How often should I call heartbeat?

Every 30 seconds for production agents. Every 60 seconds for low-priority background agents. Never less than every 2 minutes -- you'll miss rapid burnout events. The heartbeat call itself is lightweight and doesn't contribute to burnout.

What's the difference between burnout and context overflow?

Context overflow is one cause of burnout, but burnout is broader. An agent can burn out from error compounding or state drift even with plenty of context headroom. Context overflow solutions help prevent one type of burnout. Full burnout detection via heartbeat catches all types.
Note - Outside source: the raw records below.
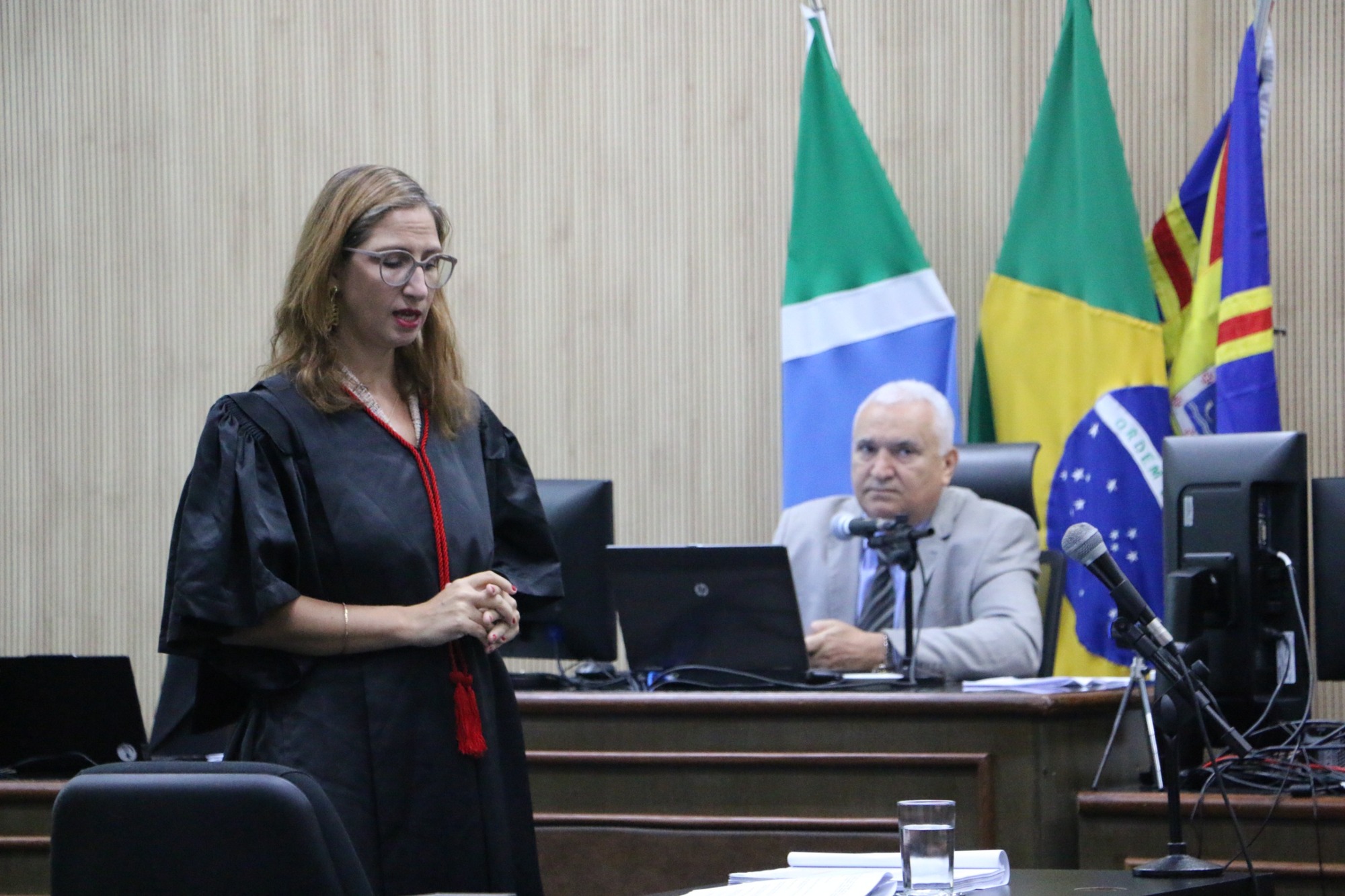 Promotora de Justiça e juiz durante o julgamento - Foto: JD1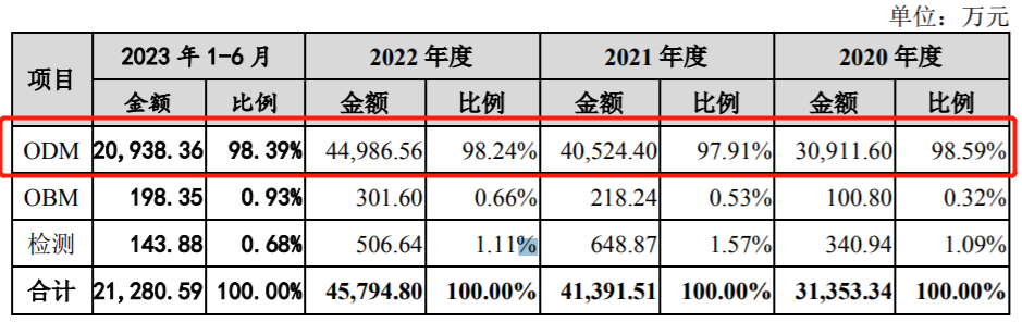 2020年-2023年上半年,芭薇股份ODM模式销售金额分别为3.09亿元、4.05亿元、4.5亿元和2.09亿元,占当期营业收入等比例分别为98.59%、97.91%、98.24%和98.39%。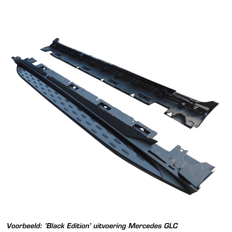 Running boards zijn gemaakt van ABS kunststof met een geribbeld oppervlak, waardoor geen verdere afwerking meer noodzakelijk is. Verder zijn de running boards voorzien van een aluminium board (glanzend zwart) en rubberen antislip noppen. De draagbalk is van aluminium en staal.

Can I prevent burnout instead of just detecting it?

Partially. Context management (compaction, sliding window) delays burnout. Clean error handling prevents error compounding. But state drift is inherent to long-running LLM sessions. The practical approach is to detect early and rotate gracefully.

How do I handle rotation during an active task?

Let the current agent finish its active subtask (up to a 60-second timeout). Call close_session with preserve_summary=true to capture state. Spawn the replacement, inject the summary, and let it continue. The handoff takes 5-10 seconds total.

What if my agent's score fluctuates instead of declining steadily?

Score fluctuation (plus or minus 10 points between checks) is normal for agents handling variable workloads. Focus on the trend, not individual readings. Use a 5-minute rolling average to smooth out noise. Burnout shows as a consistent downward trend, not random fluctuation.

Should I rotate all agents on a fixed schedule?

No. Fixed schedules either rotate too early (wasting compute on healthy agents) or too late (missing fast-burning agents). Use heartbeat scores to drive rotation. If you must use a schedule, set it at 80% of the mean time to burnout for each agent type, based on /api/v1/metrics historical data.